When a nurse walks into a patient room, being present automatically clears the patient’s call, eliminating the need to reach behind the bed to press a button. A nurse’s presence is also reflected on color-designated dome lights located above the patient room door. At the same time, nurse location is updated in real-time in the CareFlow RTLS software, allowing others to see this on floorplan and list views.

Documenting caregiver presence in patient rooms is also important. According to Sullivan, “We never had the ability to verify a nurse’s activity relative to patient calls or complaints. Now we do! Reporting details show actual nurse activity. This solidifies what nurses are doing and verifies interactions with patients and responses to patient calls.”

IMPROVING ASSET EFFICIENCIES AND PM PRODUCTIVITY

In the same way that staff gained visibility to one another, Clinical Engineering uses CareFlow Asset Tracking to locate equipment for repair and cleaning. Quickly locating equipment for preventive maintenance, corrective action or recalls has shortened the length of time that technicians spend searching for equipment, enabling the Clinical Engineering team to improve productivity.

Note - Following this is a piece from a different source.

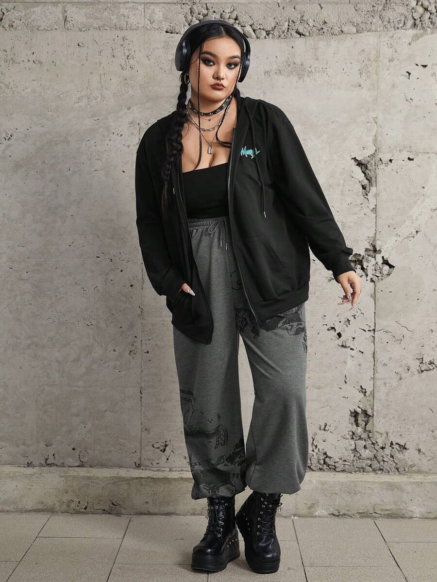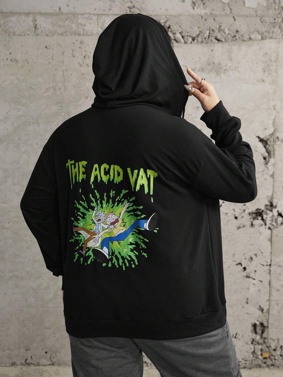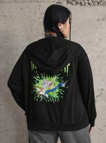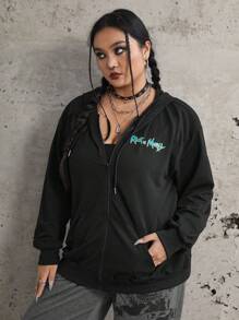 Rick and Morty | ROMWE Sudadera Con Capucha Con Cremallera Con Dibujos Animados Y Gráficos De Letras
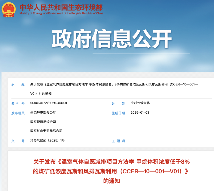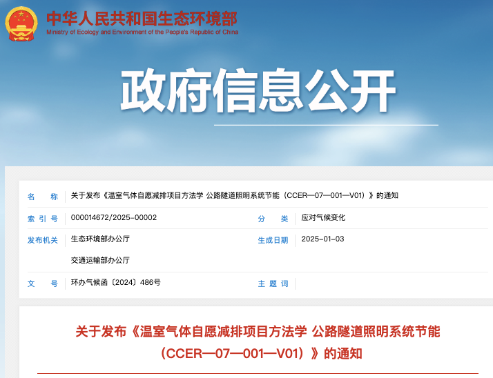近日,生态环境部与国家能源局、国家矿山安监局联合发布《温室气体自愿减排项目方法学 甲烷体积浓度低于8%的煤矿低浓度瓦斯和风排瓦斯利用(CCER—10—001—V01)》(以下简称《煤矿低浓度瓦斯和风排瓦斯利用方法学》),与交通运输部联合发布《温室气体自愿减排项目方法学 公路隧道照明系统节能(CCER—07—001—V01)》(以下简称《公路隧道照明节能方法学》,明确了符合条件的煤矿低浓度瓦斯和风排瓦斯利用项目、公路隧道照明系统节能项目开展自愿减排项目设计、实施、审定,减排量核算核查等工作要求。

Reports enable staff to analyze asset locations and frequency of movement to improve equipment re-distribution. Each care unit has a Periodic Automatic Replenishment (PAR) level, or minimum equipment count, before alerts are generated to signal low inventory. In high-volume areas like the ED, PAR levels are reviewed every morning to ensure each exam room has an available IV pump with channel.

INNOVATION FUELS CULTURE OF CARE EXCELLENCE

Columbus Regional Health believes that innovation is central to delivering care. From medical practice to technology integrations, a culture of excellence is evident in their quest to be the best at everything they do.

1 “Managing the risk of violence against health care workers: Effective solutions needed.” Medical Economics. July 2023.